6

Given a sequence of integers $\sigma = a_1 a_2 a_3 \ldots a_n$, let's define an inversion of $\sigma$ to be a pair $(a_i,a_j)$ of entries of $\sigma$ such that $a_i < a_k$ and $i > k$. For example, in the sequence $21345$, the pair $(1,2)$ is an inversion, since $1<2$ but $2$ comes before $1$ in the sequence. The inversion set of $\sigma$ is just the set of all inversions of $\sigma$. (This may not be the usual definition of inversion, but I didn't know what else to call it.) Now my question is this:

What are the possible inversion sets of permutations of $123\ldots n$?

Clearly, not all subsets of $\{(a,b) \in \mathbb{Z}^2 \mid 1 \leq a < b \leq n \}$ can occur as inversion sets; for example, if the inversions $(3,4)$ and $(1,3)$ occur, then so too must $(1,4)$. More generally, if $a < b < c$, any inversion set containing $(a,b)$ and $(b,c)$ must contain $(a,c)$. But I'm not sure if this fact alone is enough to characterize all inversion sets. How do I proceed?

Andrea
  • 1,979
  • 1
    A comment (although I'm not sure how to get from this to an answer): every permutation of $123 \cdots n$ has a different inversion set. – Michael Lugo Jan 25 '16 at 20:27
  • 3
    There is a folklore theorem stating that a subset $I$ of $G = \left{\left(i,j\right) \in \mathbb{Z}^2 \mid 1 \leq i < j \leq n\right}$ is the inversion set of a permutation in $S_n$ if and only if both $I$ and $G \setminus I$ are transitive. (A subset $K$ of $G$ is said to be transitive if every $\left(a,b\right) \in K$ and $\left(b,c\right) \in K$ satisfy $\left(a,c\right) \in K$.) The proof is not too hard (the "only if" should be obvious; I remember proving the "if" by induction over $n$), but I am wondering if there is a slick one. – darij grinberg Jan 26 '16 at 03:18

1 Answers1

3

Here is one way to think about it relating to @darijgr's comment. Let's denote $[n]:= \{1,2,\dots,n\}$. We want to prove that a subset $I$ of $X=\{(i,j)\in [n]^2\mid i<j\}$, with the property that both $I$ and $X\setminus I$ are transitive, uniquely determines a permutation. If you are familiar with totally ordered sets, notice that total orderings on $[n]$ are in natural correspondence with permutations. For example, if $\prec$ denotes our total ordering on the set $[4]$ defined by $1\prec 4\prec 2\prec 3$, it corresponds to the permutation $1423$.

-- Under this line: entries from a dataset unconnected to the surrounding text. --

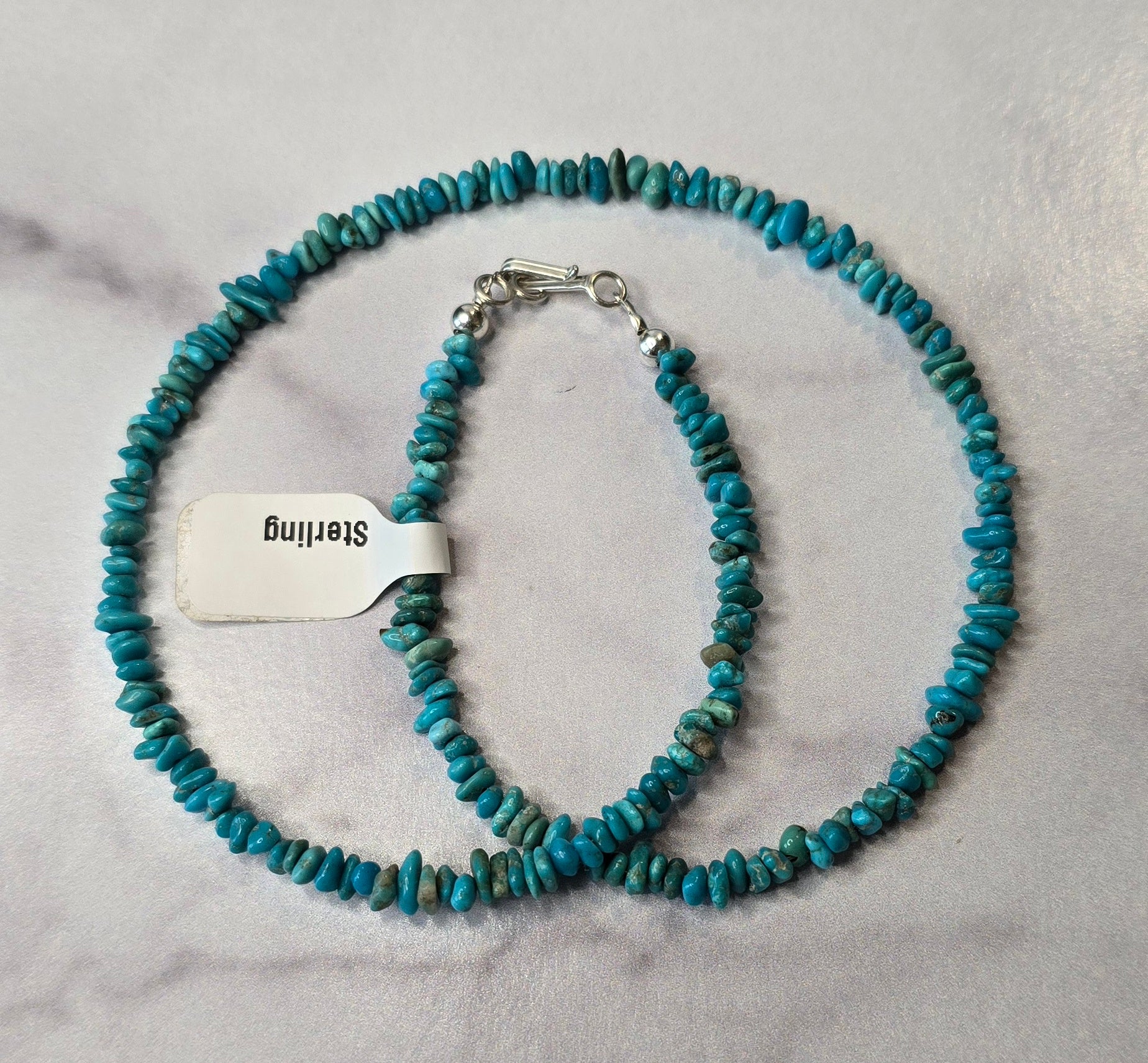Turquoise and sterling necklace. 16 inches long. Option D.
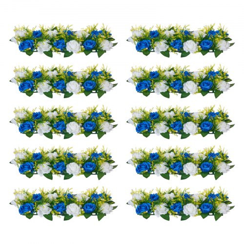 VEVOR Virággömb Dísz Csokor 10 db, 500 x 220 mm Művirággömbök Esküvői Asztaldíszek, Műrózsa Díszek Esküvői Asztaldíszhez Lakberendezéshez, Kék és Fehér Rózsa
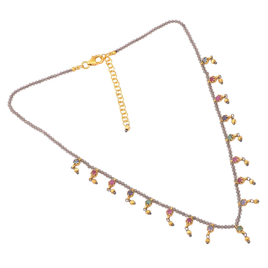 To stylish, a stunning collection of multi-stoned and multi-coloured necklaces hand done with pure finishing and silver-gold plating.
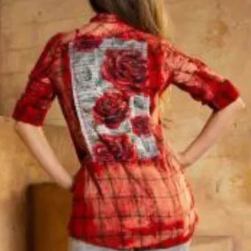 Embrace effortless cool with this Red flannel beach washed top, featuring a subtle rose motif on the back for a touch of bohemian edge. Its relaxe...
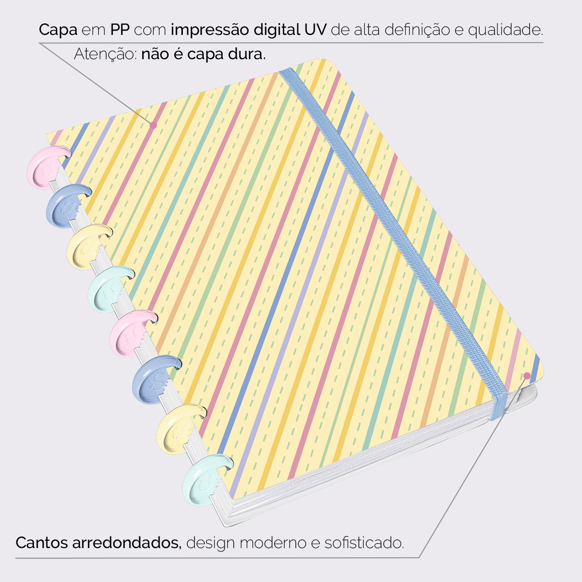A capa é feita em PP com impressão digital UV de alta definição, acompanha 4 lindas divisórias, que você pode colocar em qualquer local do caderno, funcionando como o guia perfeito para sua organização.
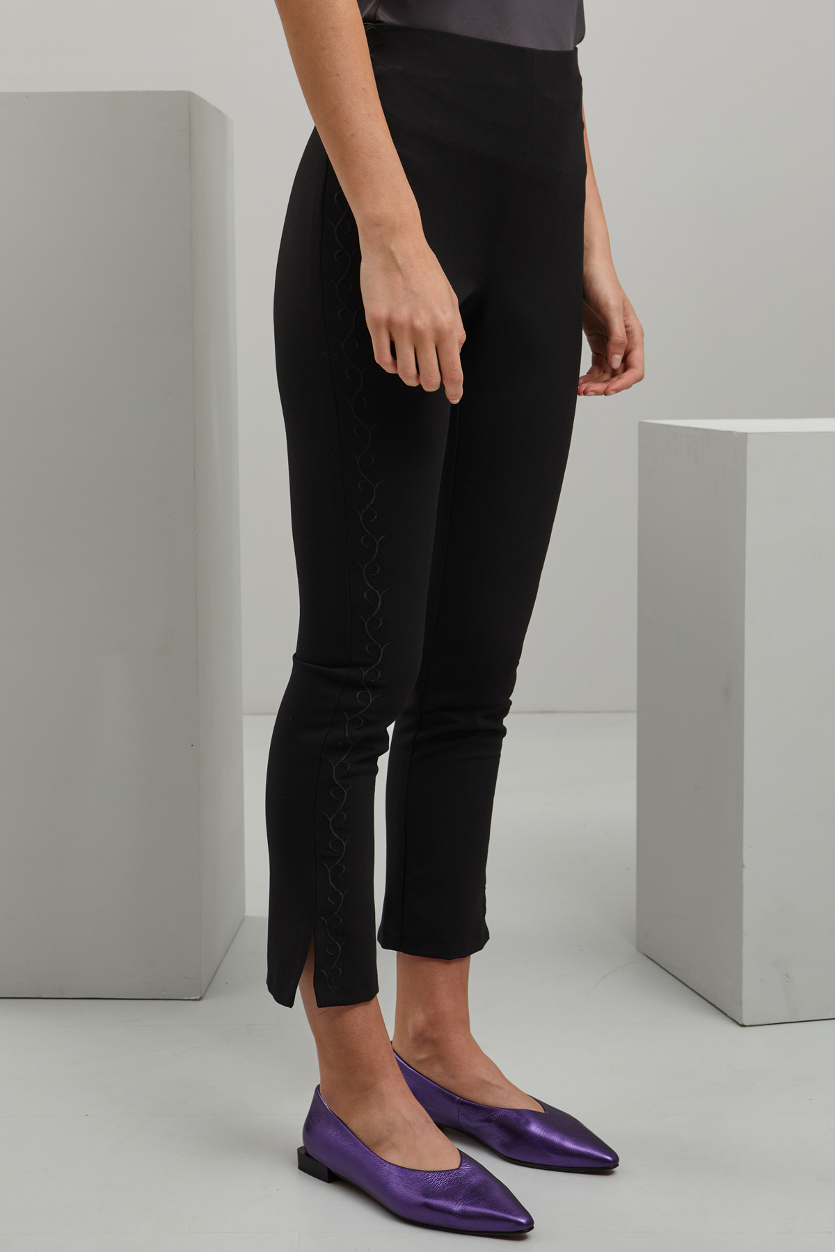 Pantaloni skinny flare relizzati in tessuto di misto viscosa stretch, con inserto elastico in vita e dettagli di ricamo in lunghezza, spacchetti al fondo. Allacciatura nascosta tramite zip.
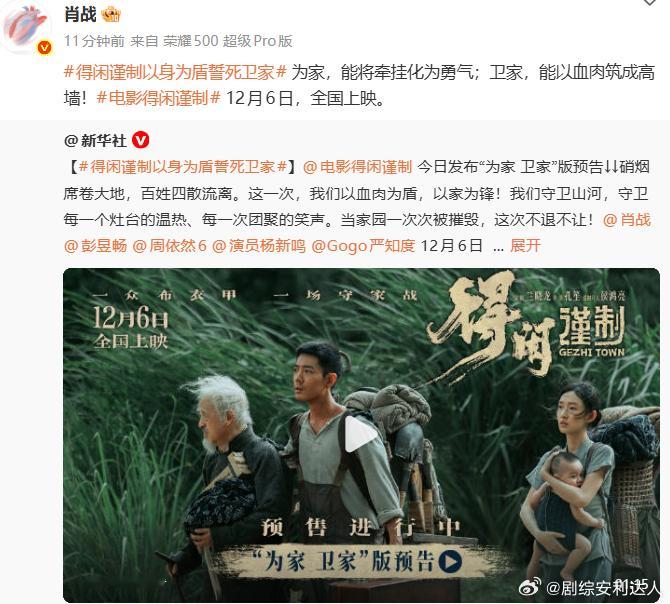 肖战说为家卫家肖战得闲谨制12月6日全国上映 《得闲谨制》定档!肖战饰演的莫得闲,在戈止镇战火中觉醒,“为家卫家” 彰显平凡力量。
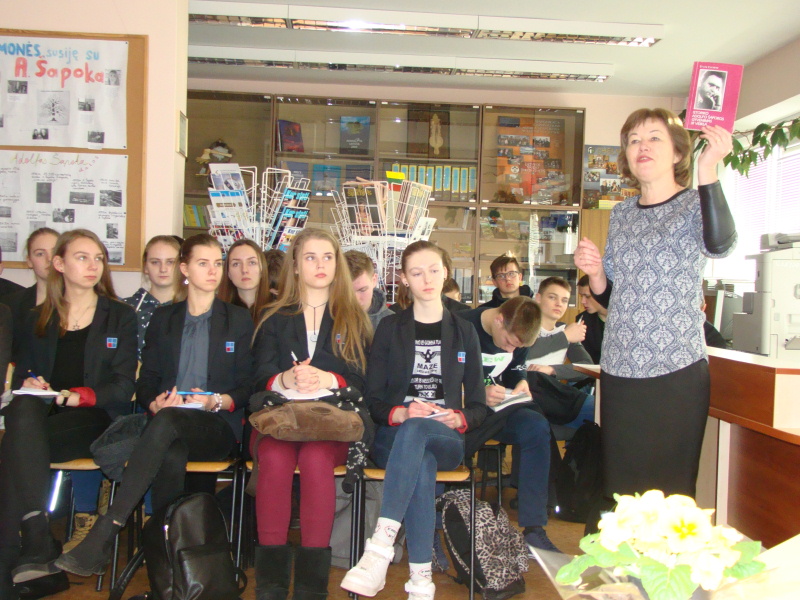 Gimnazijos aktų salėje gimnazistams vyko VU profesoriaus Rimvydo Laužiko istorinė paskaita „Pietūs su Radvilomis“. Šventėje dalyvavo ir „Saulės“ gimnazijos bei progimnazijų atstovai, kurie mokytojos Aureolės Maračinskienės pakviesti dovanojo parodą „Draugai draugams“. Svečiai išmoko pasigaminti knygeles, kuriose surinkta informacija apie Adolfą Šapoką, vaišinosi gimtadienio tortu ir lankėsi istoriko Adolfo Šapokos atminimo kambaryje.
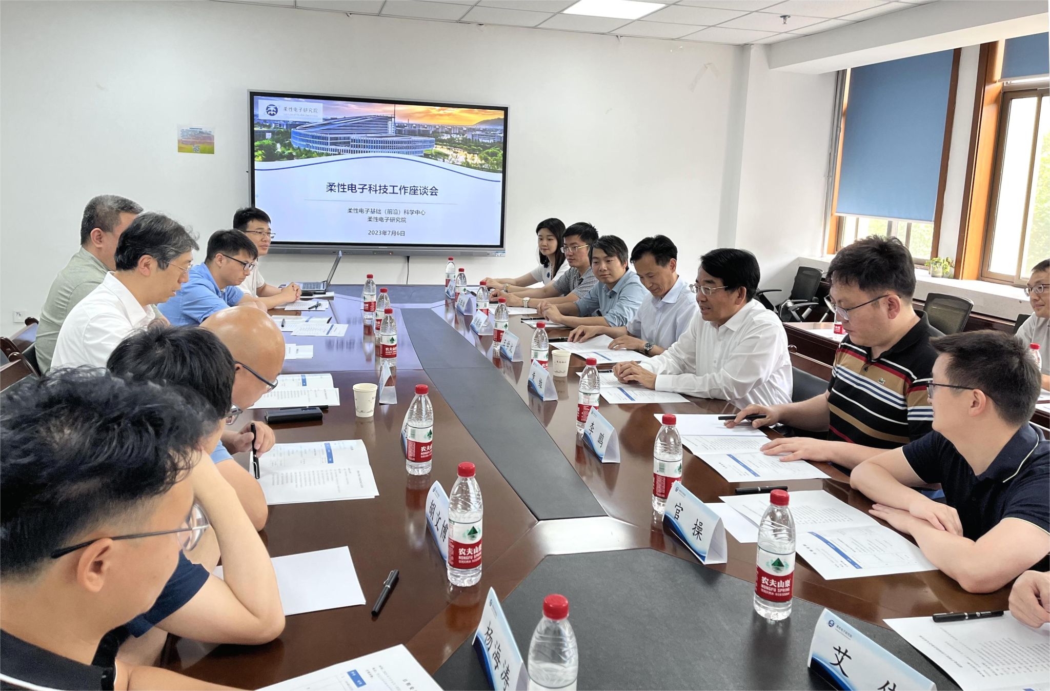 王学文对研究院的情况进行简要介绍。8位与会青年教师就各自在柔性电子领域的最新研究进展和成果等进行了报告和交流。
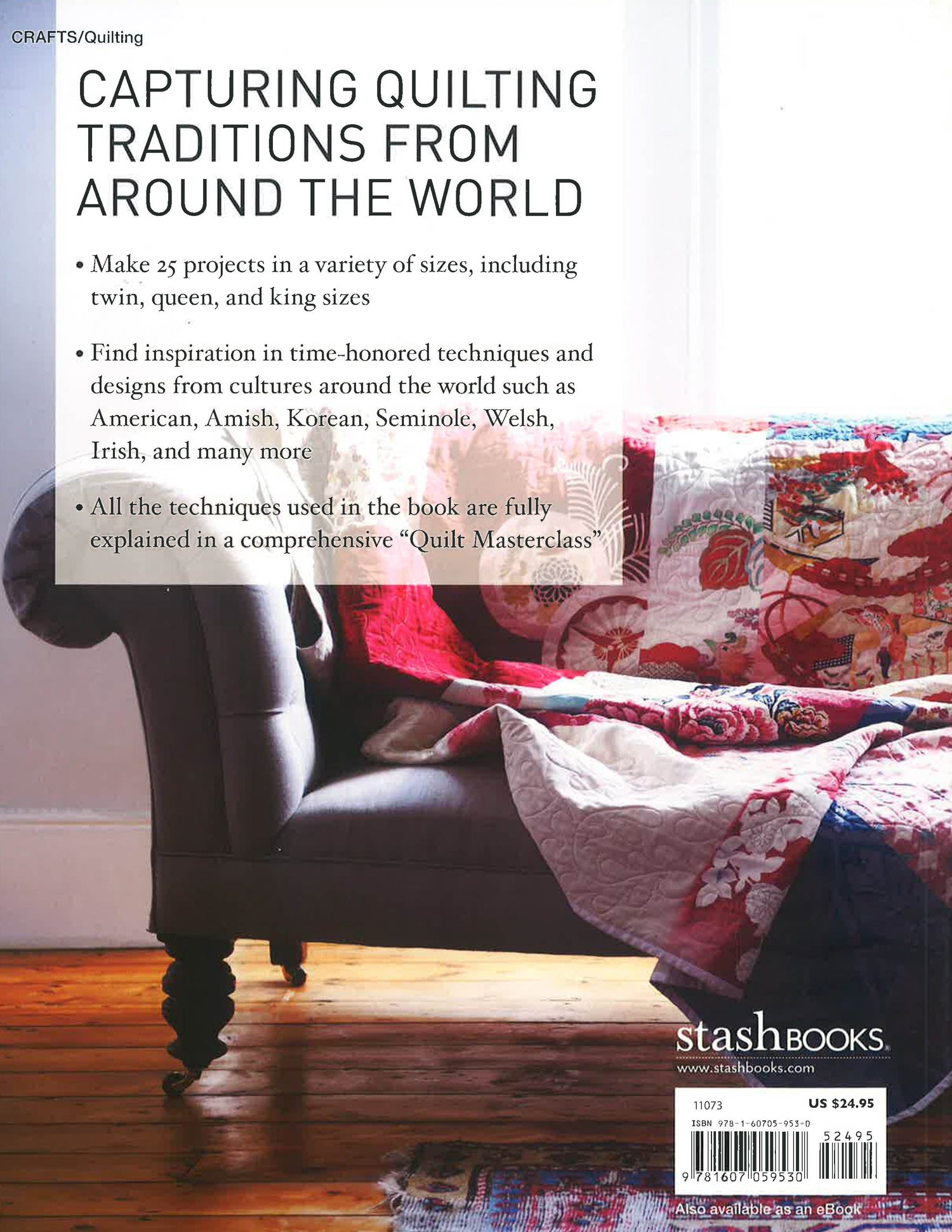 Travel the globe with these 25quilt projects no passport required! In World of Quilts 25Modern Projects, Cassandra Ellis presents quilt projects that are historically rooted in cultures around the world. Using time-honored techniques, she strips quilting back to the basics to inspire you both aesthetically and practically. The quilts vary in size, difficulty, and fabrics, so you can mix and match elements to create a design that s at once unique and personal. The second part of the book is a Quilt Masterclass reference to guide you through the quilting process from start to finish.
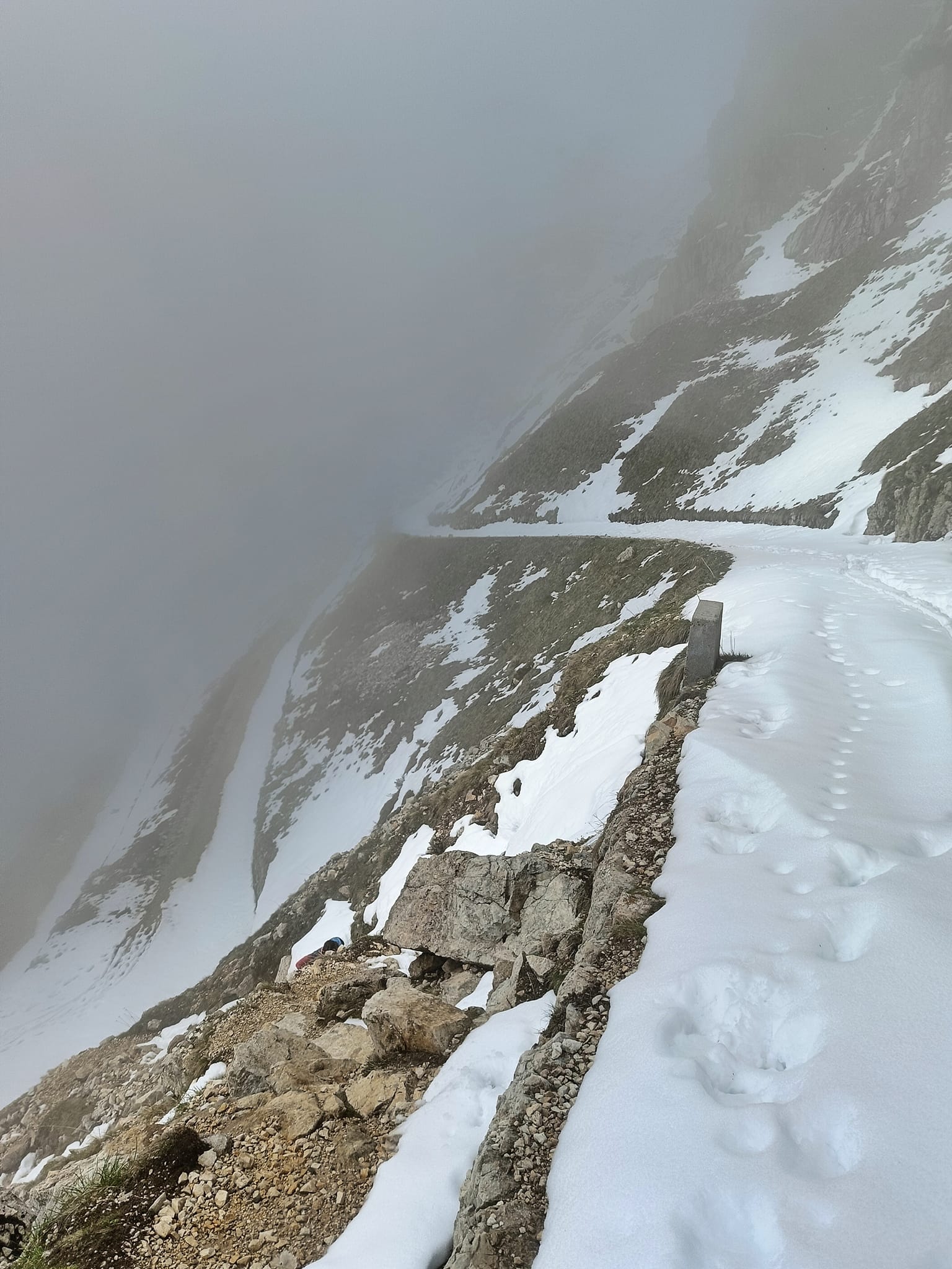 La situazione cambia radicalmente passata la località “Porte del Pasubio” dopo il Rifugio (che si trova a 1930 metri), dove il suolo risulta totalmente imbiancato con accumuli anche considerevoli laddove era ancora presente neve vecchia.
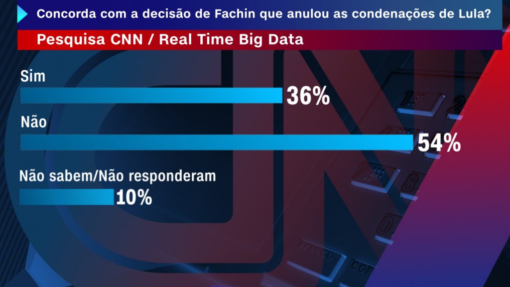 Além da pesquisa eleitoral, o Big Data também perguntou aos eleitores se concordam com a decisão de anular as condenações contra Lula.
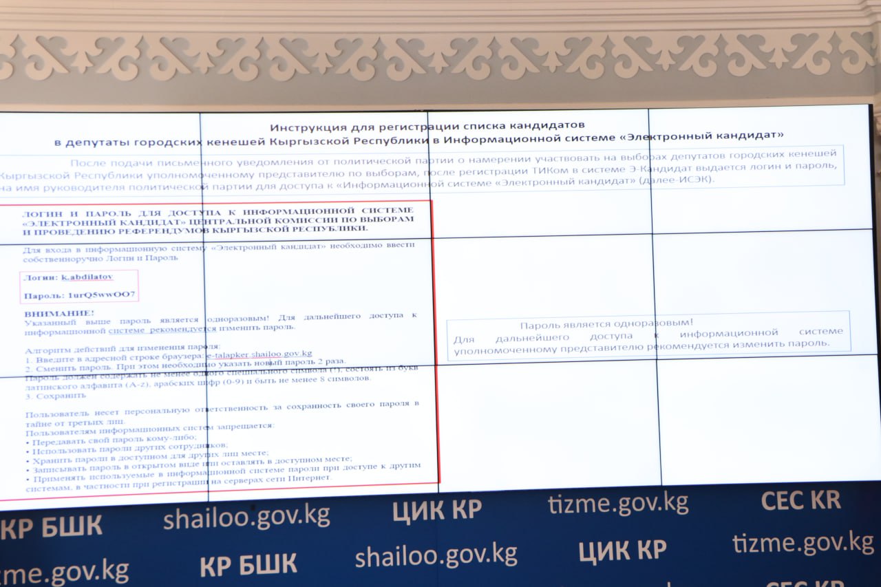 Решение политической партии о выдвижении списка кандидатов по единому избирательному округу или кандидатов по многомандатному избирательному округу, принимается тайным голосованием. Выдвижение списка кандидатов в депутаты городских кенешей начинается со дня назначения выборов и заканчивается до 18:00 часов 7 октября 2024 года.
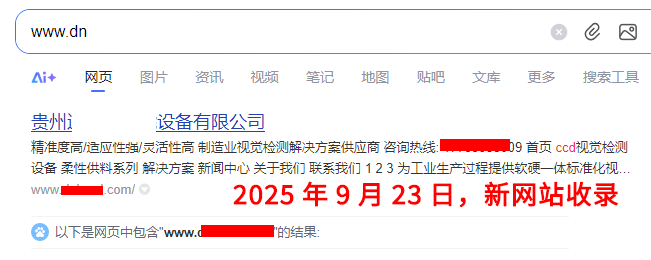 2025年9月23日,新網(wǎng)站百度收錄成功。
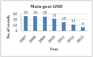 The reason that the fishery is no longer active is that fishermen could not rely on the Atlantic bonito fishery with or without GNDs, because of the limited time of occurrence and unknown migration patterns year by year.
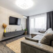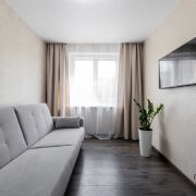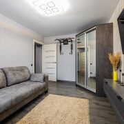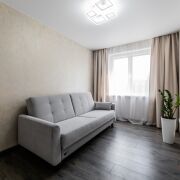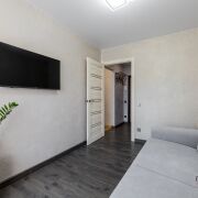 В квартире совсем свежий и аккуратный современный ремонт:  установлена входная металлическая дверь, окна - ПВХ, балкон застеклен, на полу в комнатах - качественный новый ламинат, в кухне, в коридоре и сан узле - плитка на полу + подогрев полов,  качественные межкомнатные двери, на стенах декоративная штукатурка, установлены встроенные шкафы. Дополнительно  произведена замена всей электропроводки  от электро счетчика. Квартира  продается полностью  готовая к проживанию,  со всей мебелью  и  техникой:  два полноценных  спальных  места. телевизор,  новая кухня,  газовая плита, духовка,  микроволновка,  система очистки воды, микроволновка, стиральная машина, современная душевая кабинка + инсталяция. Окна выходят на зеленую зону.  В квартире  тихо,  тепло и удобно.
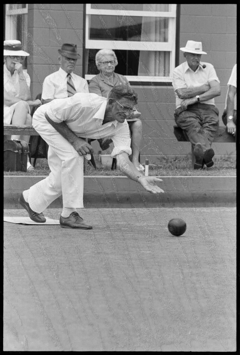 Date17 February 1975Reference Numberphoto gcc-32781DescriptionCliff Potter (Pukekohe) during his semi-final win in the Tauranga combined bowling Clubs' open fours tournament at the Tauranga RSA club. Published 17 February 1975.FormatNegativePhysical Description35mm black-and-white negative (18/18)Photographer/CreatorBay of Plenty Times

Now given such a set $I$ as above, how do we define a total ordering? Given $i<j$, if $(i,j)\in I$ then define $j\prec i$ in our ordering. Otherwise $(i,j)\in X\setminus I$ and we define $i\prec j$ in our ordering. The property that both $I$ and $X\setminus I$ are transitive is exactly what we need for $\prec$ to satisfy the transitivity property (you need to consider a few cases to show this), and it is a total ordering because for every pair $(i,j)$ with $i<j$, either it is in $I$ or $X\setminus I$.

Thus there is a natural correspondence between subsets $I$ with the above properties and permutations on $n$. It is not hard to see that $I$ is the inversion set of the corresponding permutation, as you have defined it.

Sean Griffin
  • 48